It's not that a physical thing can't create another physical thing (even though it would actually be a physical thing creating a physical thing out of nothing), it's that the werewolf, a physical thing, would have nowhere to be while creating the universe, and no time to do it in.

>If a wearwolf doesn't exist, it can be whatever definition I'd like. Just like your god.

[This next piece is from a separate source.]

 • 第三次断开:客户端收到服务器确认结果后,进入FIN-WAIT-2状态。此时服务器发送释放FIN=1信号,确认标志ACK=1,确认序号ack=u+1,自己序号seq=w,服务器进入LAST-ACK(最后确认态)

No this is idiotic. The word werewolf has a definition. You can't just change the definition however you'd like. If you can, then the conversation is meaningless because you'll just change it to be exactly like god, and then we're not talking about werewolves anymore.

> I would need to know why you think anything is likely in order to demonstrate why my wearwolf is likely. You would have to present your argument for why god is likely to have created the universe. I can then replace god with anything, and the argument will probably not change, if it's any of the popular ones. To be clear. Any argument I present would be a straw man of whatever you actually believe God is. I don't know how else to explain this.

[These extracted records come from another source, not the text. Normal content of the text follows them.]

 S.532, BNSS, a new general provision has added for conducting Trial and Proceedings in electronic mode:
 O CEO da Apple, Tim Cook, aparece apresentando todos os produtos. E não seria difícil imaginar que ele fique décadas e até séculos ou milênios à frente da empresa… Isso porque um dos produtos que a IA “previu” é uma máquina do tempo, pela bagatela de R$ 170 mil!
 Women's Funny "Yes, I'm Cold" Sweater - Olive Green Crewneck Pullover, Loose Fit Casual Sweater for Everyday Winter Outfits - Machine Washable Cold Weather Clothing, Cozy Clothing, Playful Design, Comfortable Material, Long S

Wrong. What I have to do is show why a werewolf is less likely to have created the universe than god, and I have. You don't seem to have anything to say in response.

>It is informed. Not sure that infants have developed morals, but I'm sure you have a well thought out argument on why slavery and genocide are cool.

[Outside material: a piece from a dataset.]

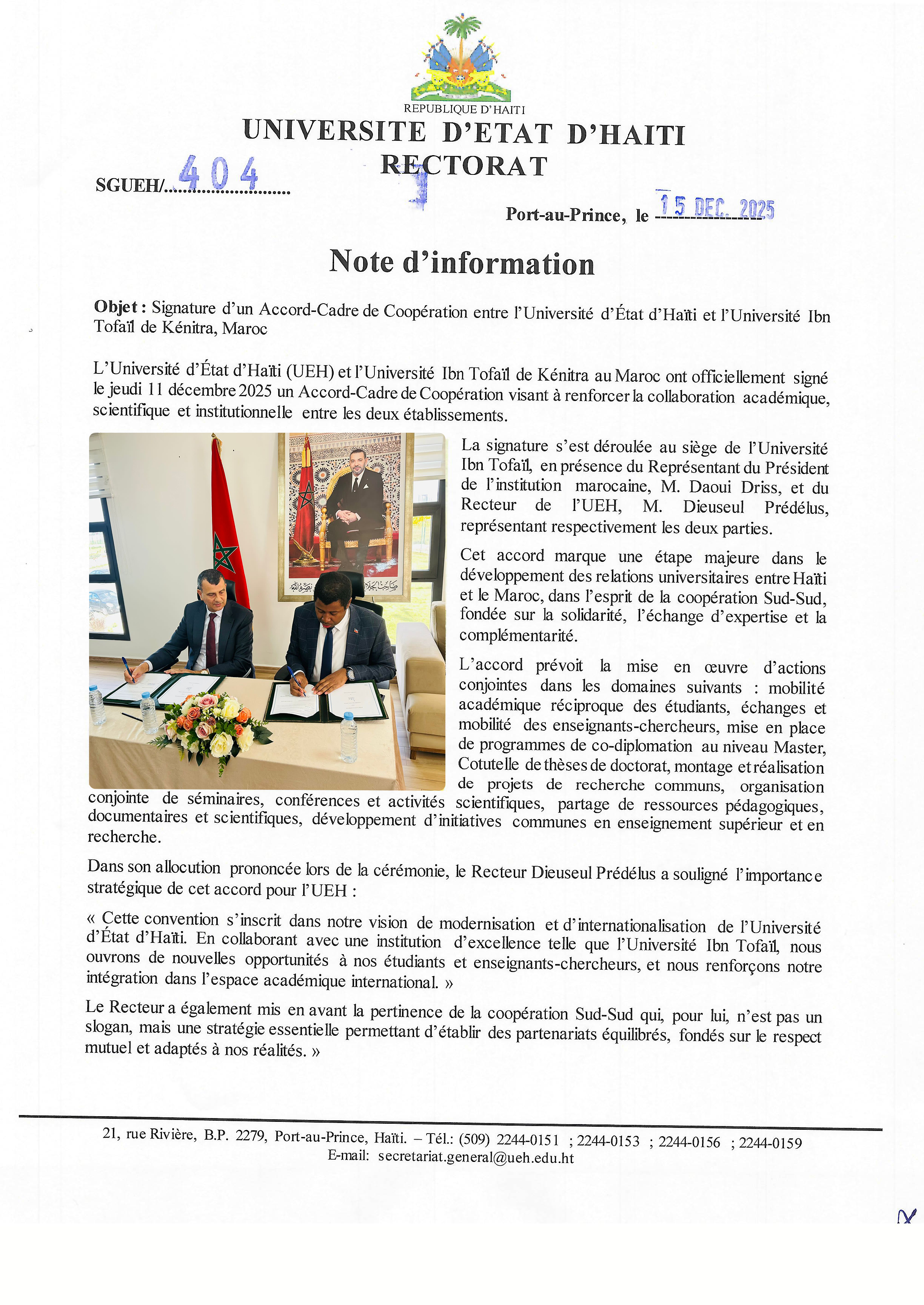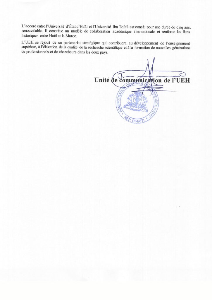 L’Université d’État d’Haïti (UEH) et l’Université Ibn Tofaïl de Kénitra au Maroc ont officiellement signé le jeudi 11 décembre 2025 un Accord-Cadre de Coopération visant à renforcer la collaboration académique, scientifique et institutionnelle entre les deux établissements.

I never said slavery and genocide are cool, I said you have an infantile understanding of religion.

>They're equally likely within the context of an argument for the likelihood of any being creating a universe. I personally don't think the likelihood of either is even measurable. If you say god is likely, because of reasons. I could replace god with a wearwolf, and the reasons wouldn't need to change.

Yeah you keep saying this and it's not true. You get that you're supposed to be making an argument, right? All you're doing is repeating that they're same over and over, and not explaining how. Prove to me that they're the same likelihood. Why are you saying anything else? All you should be doing is proving that, or taking back what you said.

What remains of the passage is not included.